| The task |
Below are records with pictures. Reproduce exactly the lines from the line with "The Hunter Renfrow" to the line with "Camarón + 2 Guiso + Arroz o Spaghetti", inclusive, and leave each picture out.

| Data provided |
*****

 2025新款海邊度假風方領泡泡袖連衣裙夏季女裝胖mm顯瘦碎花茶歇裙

*****

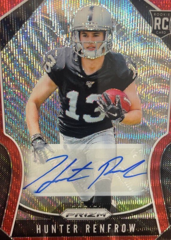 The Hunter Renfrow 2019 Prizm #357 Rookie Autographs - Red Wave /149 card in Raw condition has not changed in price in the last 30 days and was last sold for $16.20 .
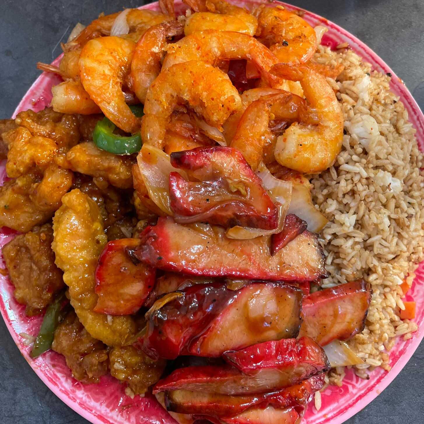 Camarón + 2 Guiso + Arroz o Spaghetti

*****

| Exercise response |
 The Hunter Renfrow 2019 Prizm #357 Rookie Autographs - Red Wave /149 card in Raw condition has not changed in price in the last 30 days and was last sold for $16.20 .
 Camarón + 2 Guiso + Arroz o Spaghetti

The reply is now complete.